PLEASE NOTE: We are unable to offer transcripts for our programme interviews. Today is broadcast live and the running order is subject to change.
Proposed reforms of MPs' expenses are in doubt after the head of the body charged with rewriting the rules said he might not implement them all. And US President Barack Obama has said the "entire nation" is grieving after killed 13 people were shot dead at a Texas army base.
Doubts have been raised over the implementation of reforms into MPs' expenses. Professor Sir Ian Kennedy, the head of the new independent body charged with rewriting the allowances regime, is reported to have said he might not implement all of the recommendations set out by the Kelly report. Political correspondent Rajini Vaidyanathan comments on the reported claims.
G20 finance ministers are disagreeing over climate change and stimulus spending at a meeting in St Andrews. It is the last time the ministers will meet ahead of next month's climate summit in Copenhagen. Business correspondent Joe Lynam examines the breakdown in the talks.
Out-of-court punishments are intended only for minor crimes, but an investigation for this week's Panorama that half of all criminal cases in England and Wales, including violent assaults, were dealt with by police and did not make it to court. Reporter Shelley Joffre discusses the findings.
For the countries of southern Asia the Second World War is seen very differently to the triumph it is seen by Europe. For millions who fought from the subcontinent, the conflict provided a new outlet for the struggle against colonialism. Journalist Mihir Bose reflects on the subcontinent's role in the war.
0728 Sports news with Rob Bonnet.
A vigil has taken place for the 12 civilians and one soldier were killed at an Ford Hood army base in Texas by army major Nidal Malik Hasan. The shock at the killings has reverberated around America, and led to questions about the loyalty and trustworthiness of Muslim Americans, particularly those serving in the military. Many Muslims are worried that those questions will morph into racism and discrimination. Reporter Gavin Lee reports from Fort Hood on the aftermath of the shootings.
The death this week of Royal Logistic Corps Staff Sergeant Olaf Schmid, who had made safe 64 bombs during five months in Afghanistan, has highlighted the work of the army's bomb disposal operators. Former bomb disposal operator Major Chris Hunter discusses the pressures they face and the mental qualities needed to survive.
Earlier this week, the Bank of England decided to print a further £25 billion as part of its quantitative easing strategy. The latest move takes the total amount of money printed over the course of the recession to £200 billion. Stephen Bell, chief economist at hedge fund GLC, and Wilem Buiter, Professor of European Political Economy at the London School of Economics, discuss the affects of further quantitative easing on the economy.
Home Secretary Alan Johnson earlier this week described Labour's handling of immigration as "maladroit". Mr Johnson's comments have been seen as a change of heart from the government. Reporter Nicola Stanbridge went to Barking to speak to constituents and Margaret Hodge MP, who has long campaigned for her party to do more about the issues around immigration. Immigration minister Phil Woolas discusses the government's policy.

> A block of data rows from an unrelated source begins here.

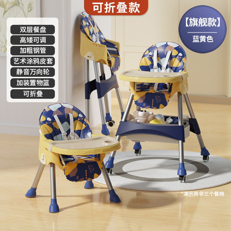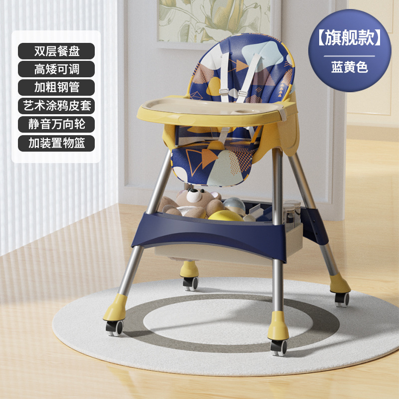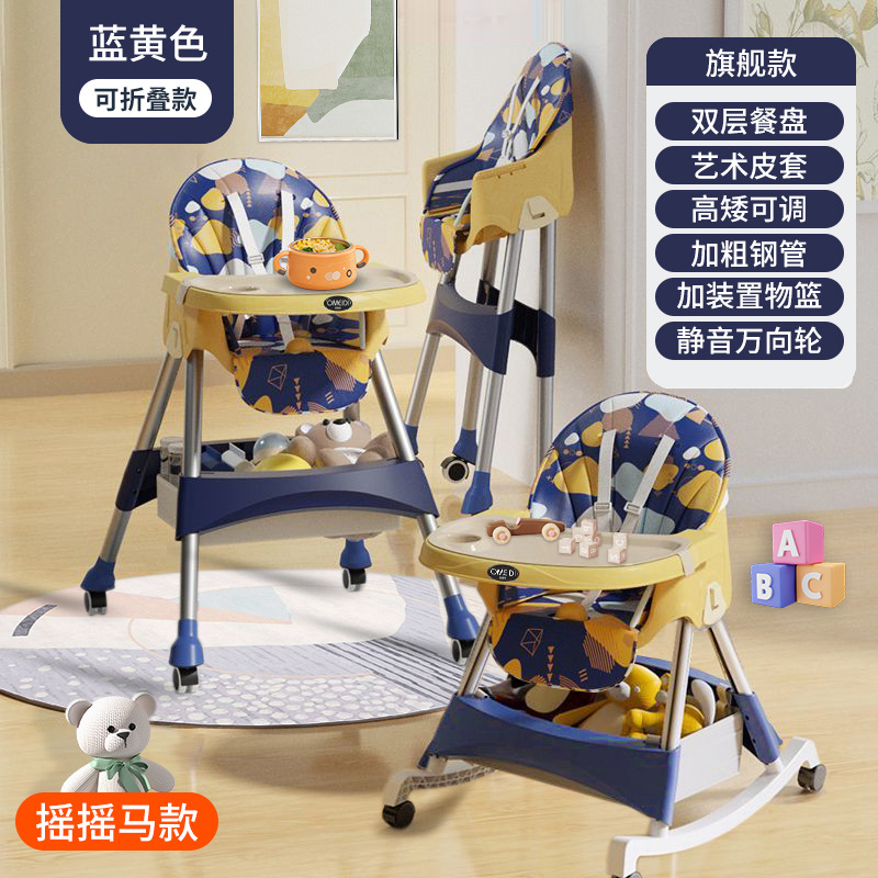 rocking chair folding (with wheels)-yellow blue {double-layer plate + pu leather cover + storage basket}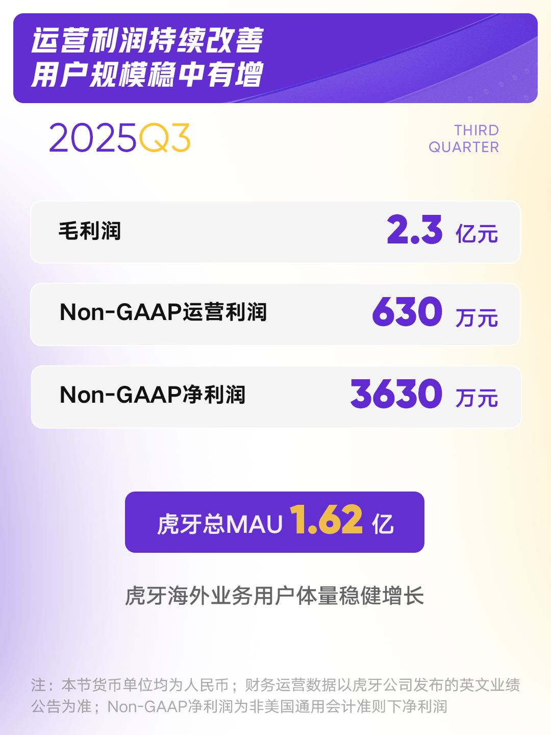 NBA直播,足球直播,篮球直播,欧洲杯直播,lol直播,英雄联盟直播,dota2直播,dnf直播,cf直播,绝地求生直播,王者荣耀直播,游戏直播,赛事直播,YY直播,美女直播,视频直播,足球直播虎牙公司(NYSE:HUYA)于北京时间2025年11月12日下午(美国东部时间2025年11月12日早晨)公布了2025年第三季度财报。财报显示,该季度,虎牙公司总收入达16.9亿元,创近九个季度以来新高,同比增速提升至约10%。其中,直播收入企稳回升,达11.6亿元;游戏相关服务、广告和其他业务保持快速增长,该板块收入同比上涨约30%至5.3亿元,占总收入比例提高至31.5%。在非美国通用会计准则(Non-GAAP)下,该季度公司实现运营利润630万元,归属于虎牙公司的净利润3630万元。用户数据方面,2025年第三季度,虎牙总MAU达到1.62亿。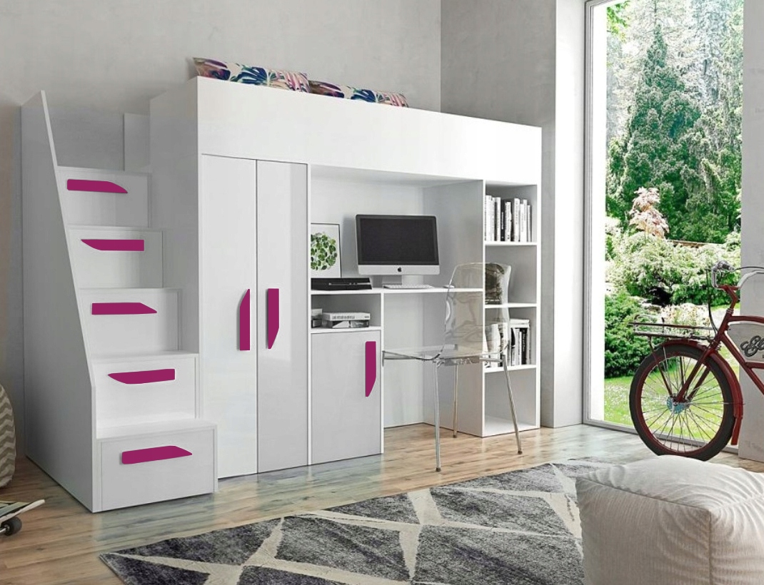 Кровать-чердак — это разновидность двухъярусной кровати, у которой в нижней части вместо спального места находится письменный стол, комод или другая мебель. Такой предмет интерьера незаменим, если перед вами стоит задача экономии пространства.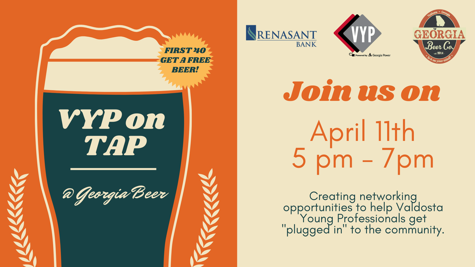 VYP on Tap is an evening of beer, great people, and a chance to network with other young professionals in the area. Register today and join us! The first 40 attendees get a free beer!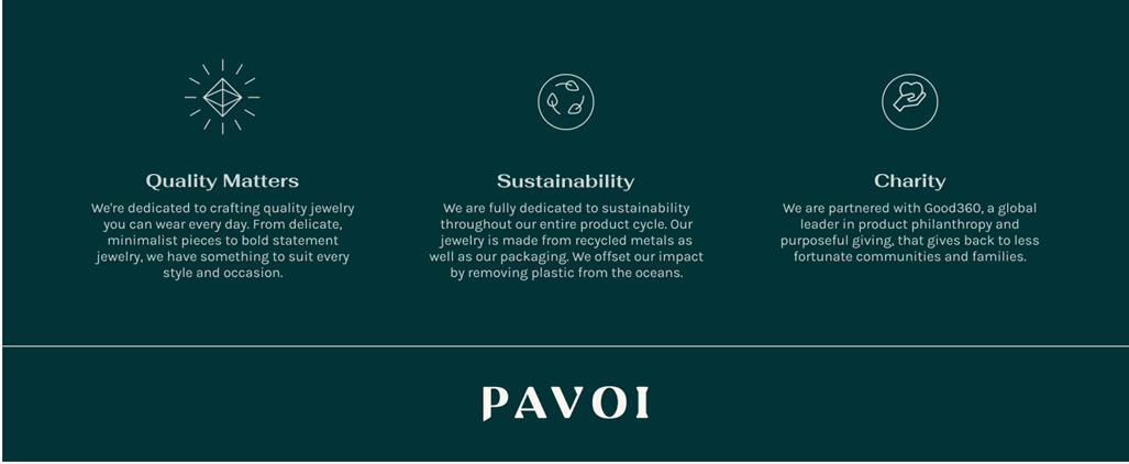 ✦ SUSTAINABILITY ✦ We’re committed to protecting the planet. That’s why every piece of PAVOI jewelry is crafted with 100% recycled materials and we package in 99% recycled and compostable materials. We are proudly carbon-neutral and completely offset our plastic consumption by removing over 275,000 plastic bottles from our ocean annually. Learn more about our sustainability efforts here.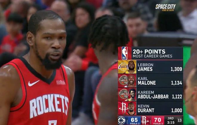 歷史第4人!杜蘭特1000場(chǎng)20+里程碑 距詹姆斯差309場(chǎng)難超越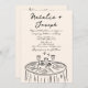 Diese Einladung ist perfekt für Ihre Hochzeit, wenn Sie eine elegante und leicht bearbeitbare QR Code Einladung suchen. Eine elegante, einfache, minimalistische Creme und schwarz handgezeichnete Hochzeitsvorlage Einladung. Das schlichte, Vintage Hintergrundbild auf der Vorderseite und handgezeichnete Geschirr aus Tellern und Cocktailbrillen. Und fett schwarze Hand geschrieben whimsical Braut's und Bräutigam Vornamen. und bearbeitbare Informationen. Mit handgezeichnetem Champagner-Gläser-Turm auf der Rückseite und individualisierbarem QR-Code, sodass Ihre Einladungen online UAWG werden können. Erschwinglich und es ist auch digitale elektronische E-Einladung, wenn Sie gewollt, es per Text oder E-Mail zu senden. Alle Informationen können durch Anklicken des Buttons Personalisieren angepasst werden. So packen Sie es und machen Sie es zu Ihrem, sodass Sie verlobt und aufgeregt einladen .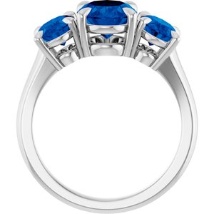 14K White 8x6 mm Oval Lab-Grown Blue Sapphire Three-Stone Ring

Barristers are warning that miscarriages of justice will result from government proposals to cut public spending on legal aid. The chairman of the Bar Council, Desmond Browne QC, said the cuts will drive away experienced barristers and lead to poorer standards of advocacy in criminal trials in England and Wales. Mr Brown discusses the implications of reducing the legal aid budget.
As the row continues in the UK over where MPs should live to fulfil their parliamentary duties, plans are emerging in Japan to house new MPs in a dormitory. The plans have come under criticism with members of the Japanese Parliament accusing their colleagues of building themselves luxurious new accommodation. Correspondent Roland Buerk reports on Japan's accommodation row.
Britain's presence in Afghanistan has been seriously questioned this week following the deaths of seven army personnel, and calls from former junior Foreign Office minister Kim Howells MP to withdraw all troops from the country. Prime Minister Gordon Brown yesterday defended Britain's continued presence, saying that troops there are "our first line of defence" against terrorist attacks on British streets. Shadow security minister Baroness Pauline Neville Jones and the chairman of the Royal United Services Institute, Sir Paul Lever, debate the government's Afghan policy and whether the fight against Islamic extremism should be concentrated at home or abroad.
Sir Ian Kennedy, head of the new independent body charged with rewriting MPs' allowances regime, is reported to have concerns about legal challenges to some of the Kelly reforms. Liberal Democrat MP Norman Baker comments on the implications of not implementing the changes.
Sir Edward Elgar's The Fringes of the Fleet is being professionally recorded for the first time. The popular composition was written in 1917, but vanished during the war. Correspondent Nick Higham uncovers a story of wartime patriotism and tragedy.
Two people in Britain are more than £45 million richer after sharing the jackpot on the Euromillions lottery. Gary Hicks, author of Fate's Bookie: How the Lottery Changed the World, discusses what it is like to win a fortune.